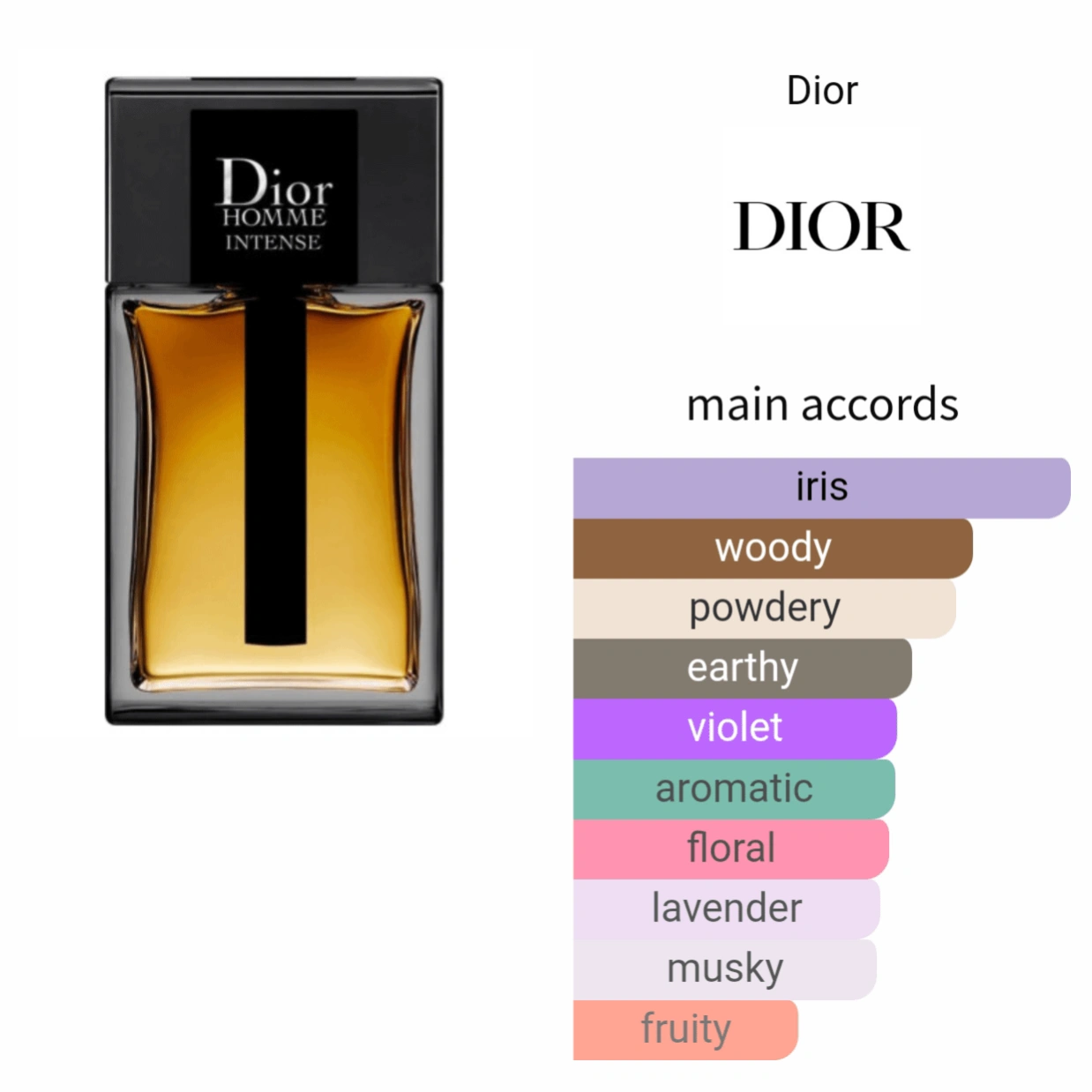Dior Homme Intense is a woody floral musk fragrance for men, launched in 2011, known for its sophisticated, masculine, and sensual character with an intense concentration of iris. It features a blend of a lavender top note, a heart of powdery iris, ambrette seed (musk mallow), and pear, and a base of woody vetiver and Virginia cedar. The fragrance is praised for its quality, longevity, and sophisticated, elegant, and sometimes described as powdery or lipstick-like scent
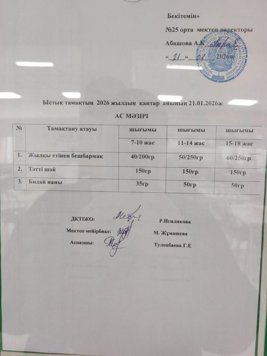 Ас мәзірі » СШ №25
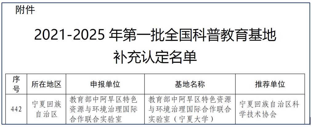 近日,中国科学技术协会办公厅公布《2021-2025年度第一批全国科普教育基地补充认定名单》,公司“教育部中阿旱区特色资源与环境治理国际合作联合实验室”入选首批全国科普教育基地。
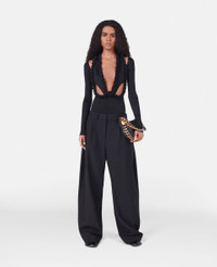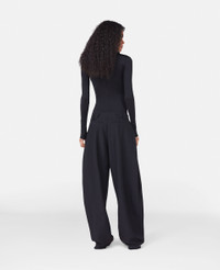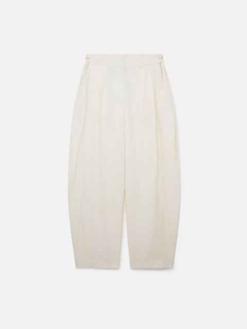 A moulded play on proportions, these wide-leg trousers from Stella McCartney feature soft, draped pleats at the front. The trousers are tailored from RWS wool, meaning it is fully traceable and has been produced to the highest ethical, environmental and social standards. - Colour: Black - Midnight black - RWS wool tailoring fabric - Flat waistband with button tabs at sides - Pleated front - Front and back darts for fit - Zip fly with hook-and-bar fastening, and button secure - Two side slip pockets, and two back jetted pockets - Wide leg - Made in Italy Product Care & Fit Advice - Care: Dry clean only - Composition: 100% wool - Fits true to size - Mid-rise, wide leg - Designed for a regular fit - Mid-weight, non-stretch fabric

****************************************

Copy exactly, and only, the lines from the first line of the material through the line that contains "近日,中国科学技术协会办公厅", both ends kept; no pictures.

OUTPUT FOR THIS EXERCISE:
Dior Homme Intense is a woody floral musk fragrance for men, launched in 2011, known for its sophisticated, masculine, and sensual character with an intense concentration of iris. It features a blend of a lavender top note, a heart of powdery iris, ambrette seed (musk mallow), and pear, and a base of woody vetiver and Virginia cedar. The fragrance is praised for its quality, longevity, and sophisticated, elegant, and sometimes described as powdery or lipstick-like scent
 Ас мәзірі » СШ №25
 近日,中国科学技术协会办公厅公布《2021-2025年度第一批全国科普教育基地补充认定名单》,公司“教育部中阿旱区特色资源与环境治理国际合作联合实验室”入选首批全国科普教育基地。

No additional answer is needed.